Clarifying values is an important process for individuals who are seeking to improve their well-being and personal growth. This process is rooted in Acceptance and Commitment Therapy (ACT), which emphasises the importance of emotional and cognitive flexibility for human flourishing.
What are values?
Values can be defined as ‘what is most important and meaningful in an individual’s life.’ Values function as a guide in making important decisions and motivate an individual to take effective action towards value driven goals. These are known as ‘towards’ and ‘away’ moves from the vision/version an individual wants to create for themself, relationships, and life. Values can be difficult to identify because they are often hidden beneath everyday behaviours and routines. Clarifying values involves learning to identify core values that are personally meaningful, and that reflect what gives life purpose and vitality.
Working with a Psychotherapist who specialises in clarification of values can help, click here to make contact
The difference between goals and values
Accessing values is important for well-being and personal growth and allows individuals to make choices that are in alignment with intrinsic deeply held beliefs and goals. When an individual is operating in a way that is consistent with their values, they experience a sense of authenticity and purpose in life.
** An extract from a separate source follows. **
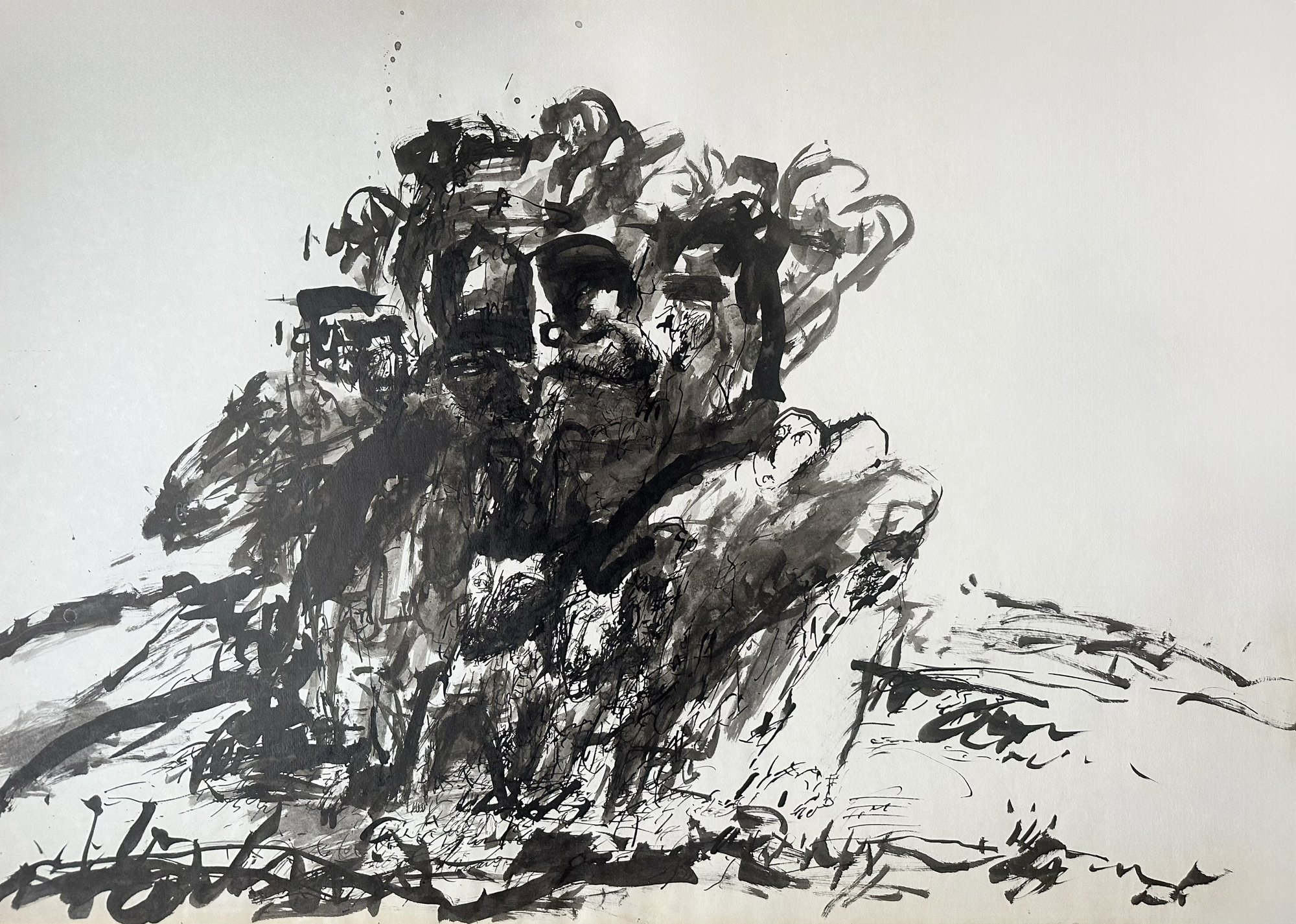 The overarching theme of the Holocaust – the disappearance and scattering of millions of people – is rendered in Dmitri Lion’s graphics with stark literalness. Figures dissolve, melting into constellations of strokes and dots, as if the human body were being erased before our eyes. This effect became the hallmark of Lion’s idiom. He worked at the threshold between figuration and abstraction, between legible mark and expressive flourish, between direct statement and metaphor. He never corrected a sheet – preferring to start anew if something misfired – worked with a reed stick and ink, and never pulled the pen backwards.

Additionally, living in alignment with values often leads to feelings of fulfilment and satisfaction, providing a sense of meaning and purpose that enhances overall well-being.
Through the process of clarifying values in treatment, individuals are guided to begin to make conscious choices that reflect what is most meaningful to them in life. This process promotes self-awareness and enhances the ability to take effective action towards personal growth and development. As such, clarifying values is a deeply meaningful and transformative process that can facilitate psychological healing and enhance overall well-being.
In sessions, individuals will be supported with identifying their values with,
- Reflection on past experiences: Thinking about times in life when the individual felt most alive, fulfilled, and connected, a sense of purpose. What values were engaged with in this experience?
- Considering what is important: Taking time to reflect on what is most important to the individual in life. What is valued in relationships, work, hobbies, and personal life? What kind of in-person does the individual want to be?
- Identify what the individual wishes to stand for: What causes or issues are the individual passionate about? What do they want to contribute to the world?
- Explore different values: Take some time to explore different values and consider how they align with the individual’s own sense of purpose and meaning. Some common values include compassion, courage, creativity, freedom, honesty, integrity, justice, love, loyalty, and wisdom.
- Implementing values: Once values have been identified in treatment, a plan can be put into place to assist the individual to live in alignment with these values and make them a priority in life.
Identifying values is an ongoing process. Values can shift and evolve over time as an individual engages with new experiences and gains insights. Working with a Psychotherapist can allow an individual to identify, prioritise and explore different values.